Direito do Trabalho. A outra, utilizada em conjunto com a estrutural é
a chamada subordinação objetiva. Ela é conceituada por Maurício
Godinho Delgado como:
A subordinação objetiva, em vez de se
manifestar pela intensidade de comandos
empresariais sobre o trabalhador (conceito clássico
da subordinação), desponta da simples integração da
atividade laborativa obreira nos fins da empresa.
Mediante essa compreensão do fenômeno
subordinativo, já se reduziu a relevância da
intensidade das ordens em sua configuração,
substituindo o critério tradicional pela ideia de
integração aos objetivos empresariais (DELGADO,
2015).

Uma crítica contundente ao instituto foi formulada pela


doutrinadora Alice Monteiro de Barros:
O problema central deste critério consiste em
saber o que é “organização” ou “integração”. Há quem
interprete organização como empresa ou negócio e
outros afirmam que a organização é constituída por
uma série de fatores ou indícios que, reunidos,
poderão comprovar a integração do trabalhador na
empresa; em última análise, esse critério, segundo
alguns autores, nada acrescenta de substancial ao
critério do controle (BARROS, 2004).

A partir desses conceitos, a compreensão moderna e ampliada


da subordinação foi reconhecida tanto pela doutrina quanto pela
jurisprudência e foi incorporada pelo legislador, como visto na Lei n.
12.551, de 15.12.2011, que atualizou o art. 6º da CLT. Esta lei
introduziu conceitos como subordinação objetiva e subordinação
estrutural, equiparando-os à subordinação tradicional para
reconhecimento da relação de emprego. Essa equiparação inclui
profissionais que trabalham remotamente, sendo supervisionados
por meios telemáticos e informatizados.
Além disso, surge uma nova dimensão da subordinação,
chamada subordinação algorítmica, relevante em contextos
empresariais modernos, onde algoritmos monitoram detalhadamente
as atividades dos trabalhadores. Daniela Reis e Eugênio Corassa
(2017) argumentam que:
“O controle de atividade e a sujeição do
trabalhador, malgrado submetidos a operações
maquinizadas, vinculadas a algoritmos, não estão
ausentes, embora de certo modo ocultos. Sob o véu
da autonomia, esse tipo de relação procura
obstaculizar a formação e a verificação dos vínculos
existentes no processo, relegando a um espaço
distante a mera menção a uma relação empregatícia.
Há, no entanto, evidente intervenção empresarial. As
empresas mantêm controle considerável dos
processos e produtos. Se, por um lado, o trabalhador
pode decidir se conectar, essa liberdade, na verdade,
se contradiz pela necessidade de renda. Por outro
lado, ainda que existente alguma liberdade, ela é
mitigada, na medida em que submetida a uma forma
de subordinação peculiar, controlada por algoritmos.”
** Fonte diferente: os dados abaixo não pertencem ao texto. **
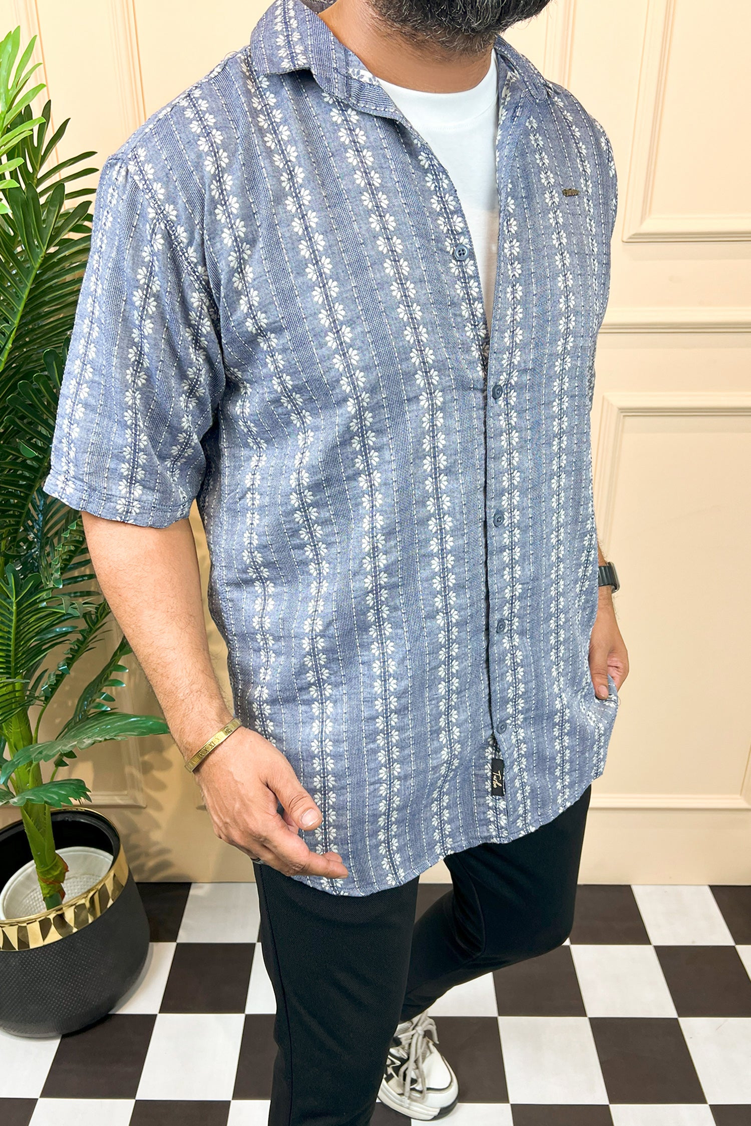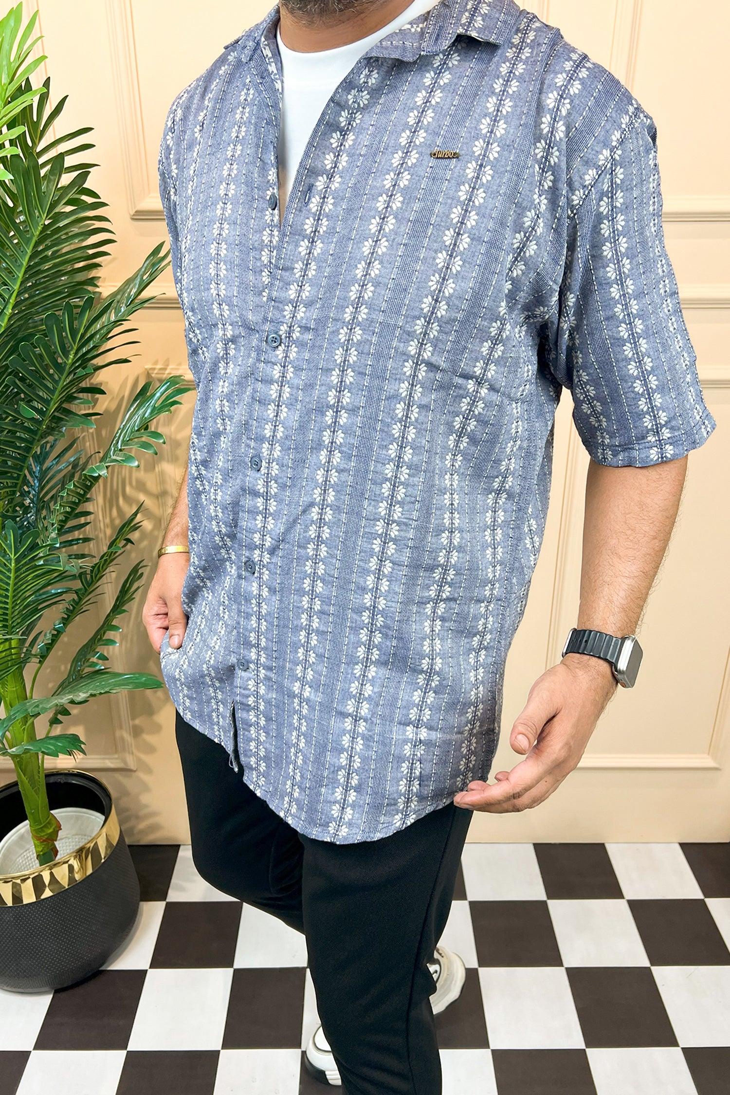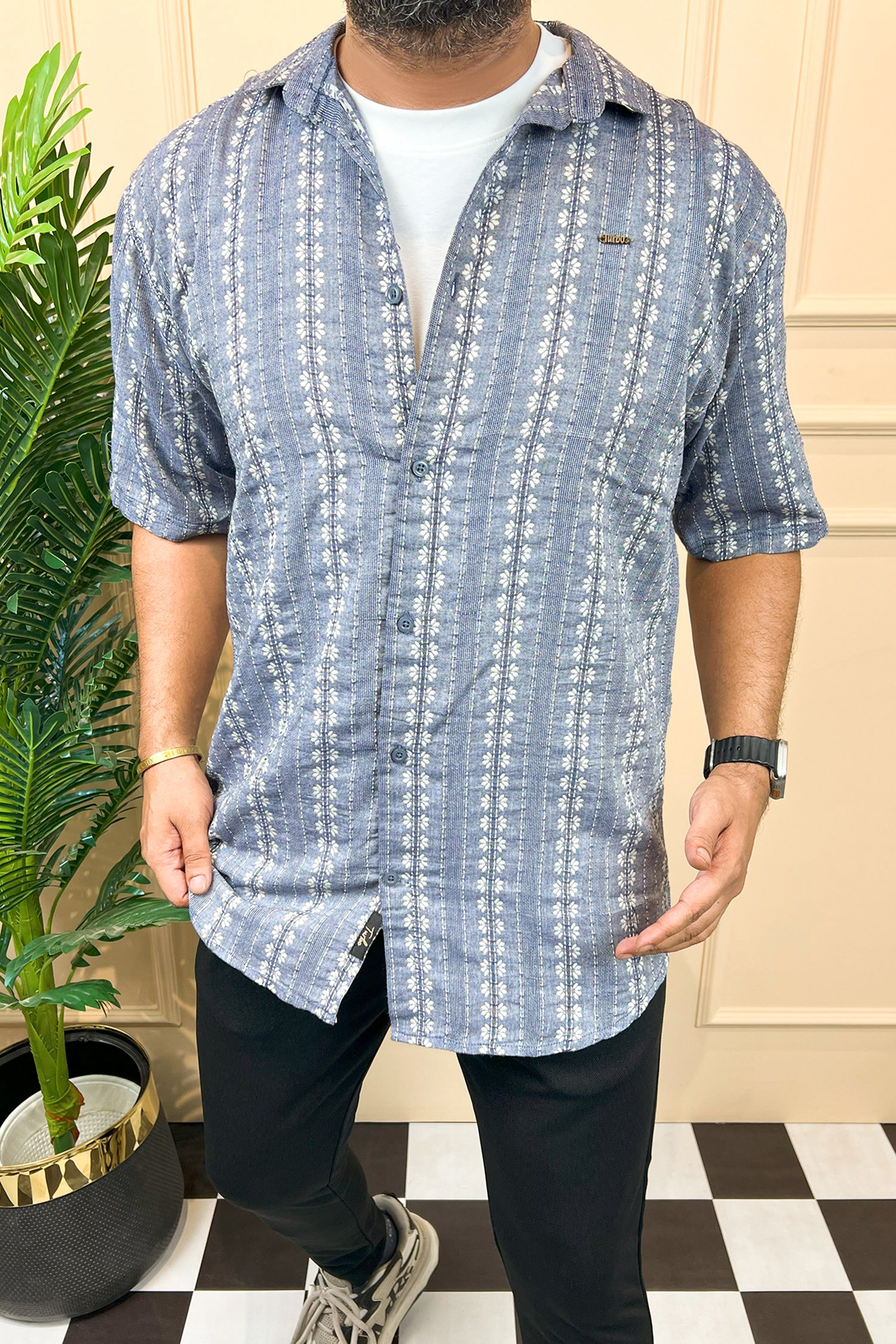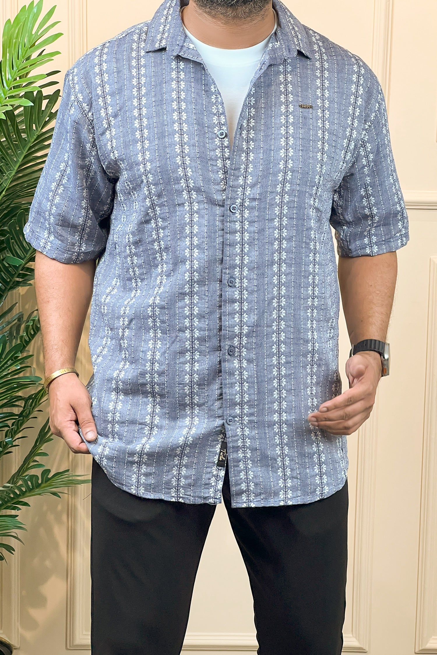 Turbo Cubin Textured Striped Casual Shirt

É claro que o trabalhador não é subordinado de uma mera


fórmula matemática, mas essa fórmula é utilizada pela empresa
como meio para aplicar a subordinação.
A Uber incorpora suas estratégias de gestão no algoritmo, que
é então armazenado em seu código-fonte.
Nos autos, fica evidente que a Empresa controlava o trabalho
do Reclamante, exercendo direção total sobre a atividade e a forma
como o serviço era prestado. Isso configura subordinação em várias
dimensões:
a) Subordinação objetiva: O trabalho estava totalmente alinhado com
os objetivos da empresa.
b) Subordinação estrutural: O Reclamante estava inteiramente
inserido na dinâmica e cultura organizacional da Empresa.
c) Subordinação algorítmica: A Empresa utilizava ferramentas
computadorizadas e de inteligência artificial para um controle
minucioso sobre a prestação dos serviços de transporte.
VI - Conclusão
O Reclamante trabalhava diariamente, recebia ordens remotas,
estava sujeito a sanções por falta de assiduidade e não tinha
liberdade para definir preços ou escolher passageiros. Não tinha
controle sobre a organização da atividade empresarial, evidenciando
a clara manifestação do poder empregatício na relação de trabalho.